During cross examination, Bennett's demeanor changed markedly. He changed from being talkative, and combative, a person wanting to be in charge, to a battered, visibly diminished witness. His voice became less vibrant; he was subdued; he became monosyllabic, as he admitted that he fabricated documents that he produced to the SEC (Tr. 274); he backdated documents (Tr. 274); whited-out information on certain documents (Tr. 274); directed others to falsify documents (Tr. 274); planned how he and others were to lie (Tr. 274); encouraged others to lie (Tr. 274-275); and on multiple occasions while under oath, gave knowingly false testimony. (Tr. 275)
Bennett told lies big and small; he lied about his college education (Tr. 275); and he lied about business transactions as to which he had already backdated certain documents. (Tr. 276) And the misbegotten purpose of his false testimony was to convince the SEC that certain business transactions were legitimate.
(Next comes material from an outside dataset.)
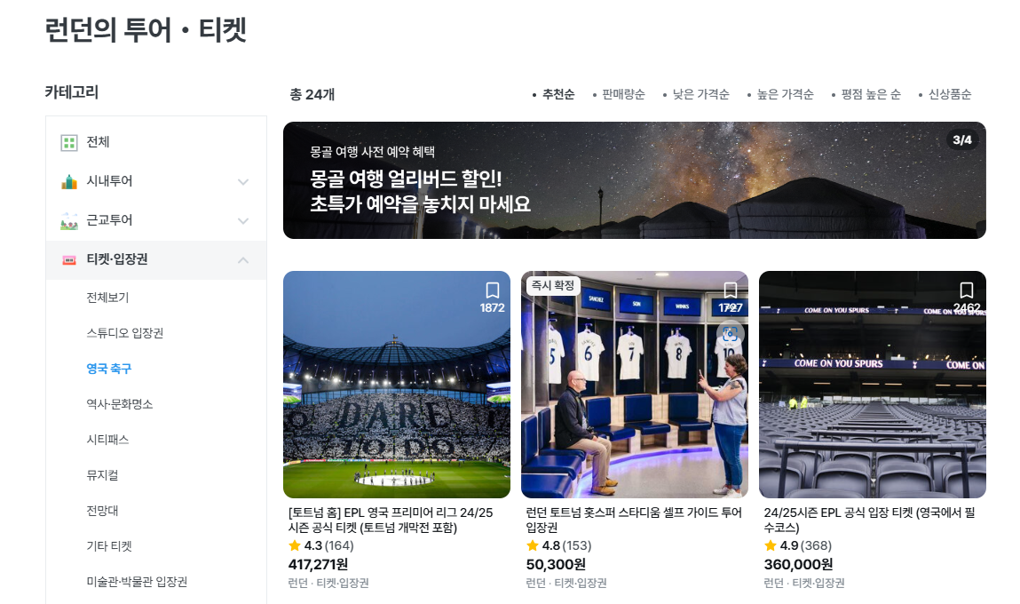런던 영국 축구 - [추가 할인 티켓・토트넘 홈] EPL 영국 프리미어 리그 24/25 시즌 공식 티켓
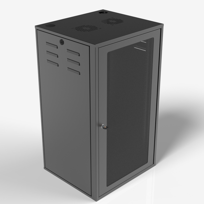 Com porta frontal com visor em policarbonato, este Rack economiza espaço no chão e ao mesmo tempo oferece uma maneira eficaz de gerenciar os equipamentos no interior do gabinete.

Bennett's statements about the legal advice he was given, when he was given such advice, and how he came to decide not to testify at his second trial are rejected as incredible. As he has in the past, he lied again. He had effective defense counsel and they advised of his right to plead or to go to trial. Having opted for trial, they advised him of his right to testify or not testify. They encouraged him not to testify, and they had good reason for that advice. Bennett's claim that his lawyers advised him that the entire transcript of his testimony from the first trial would be received in evidence is a fabrication. The argument that he was afraid of Judge Martin and therefore acquiesced in the supposed use of the transcript is also rejected. Bennett knew he could not testify without exposing himself to substantial cross examination; his counsel advised him not to testify; he considered that advice and then he chose not to testify.
His argument that the elements of the crimes charged in the indictment had not been explained is rejected. The indictment was explained to him;*fn7 and he heard Judge Griesa explain the elements of each of the crimes charged during the first trial. (Tr. 257:11-17) Bennett's argument that if the elements of each charge had been explained to him, he would have taken the stand, and explained them to the jury's satisfaction is sheer speculation.
The Court concludes that defense counsel was effective. Effective defense counsel advised Bennett of his right to testify, but further advised him that it was unwise to do so. There was a good reason for that advice. Bennett exercised his rights and chose not to testify. Bennett's current arguments to the contrary are based on untruths, inaccuracies, second guessing, and speculation.
Bennett understood the elements of the charges against him; and his decision not to testify had nothing to do with his being informed or not of the elements. Bennett, with the advice of competent and effective counsel, decided not to testify. Instead, defense counsel mounted an attack on the credibility of key government witnesses. The strategy saved Bennett from testifying again and given the results achieved, cannot be said to have been ineffective.
This Opinion constitutes the Court's report to the Second Circuit, pursuant to the procedures set forth in United States v. Jacobson, 15 F.3d 19, 22 (2d Cir. 1994), on "the circumstances under which counsel undertook the actions and omissions that the petitioner alleges overrode his desire to testify." The Second Circuit has previously directed that either party to the appeal may restore jurisdiction to the Circuit Court by letter to the Clerk's Office within 30 days of this decision. A new notice of appeal is not needed.
The District Court Clerk is directed to close this matter.